[Data provided]:
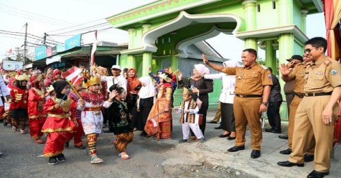 Kalianda, LE – Plt. Bupati Lampung Selatan Nanang Ermanto melepas peserta Pawai Taaruf Paud, TK, MTs, MA dibawah Naungan Kementerian Agama Kabupaten Lamsel, Selasa (14/8/18) pukul 07.00 WIB. Kegiatan ini dilaksanakan dalam rangka memeriahkan HUT RI ke-73 tahun 2018.
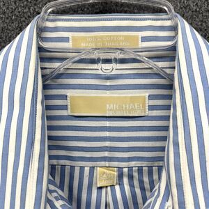 Michael Kors Shirt Mens Large 16 34/35 Blue Button Up Striped Long Sleeves
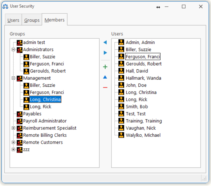 Note: A user can be a member of multiple groups. For example, Christina Long could be a member of the billing clerks group and payroll administrator group which would give her the rights from both groups.

[Activity]:
Repeat the full listing above exactly, with no pictures in the copy.

[Exercise solution]:
 Kalianda, LE – Plt. Bupati Lampung Selatan Nanang Ermanto melepas peserta Pawai Taaruf Paud, TK, MTs, MA dibawah Naungan Kementerian Agama Kabupaten Lamsel, Selasa (14/8/18) pukul 07.00 WIB. Kegiatan ini dilaksanakan dalam rangka memeriahkan HUT RI ke-73 tahun 2018.
 Michael Kors Shirt Mens Large 16 34/35 Blue Button Up Striped Long Sleeves
 Note: A user can be a member of multiple groups. For example, Christina Long could be a member of the billing clerks group and payroll administrator group which would give her the rights from both groups.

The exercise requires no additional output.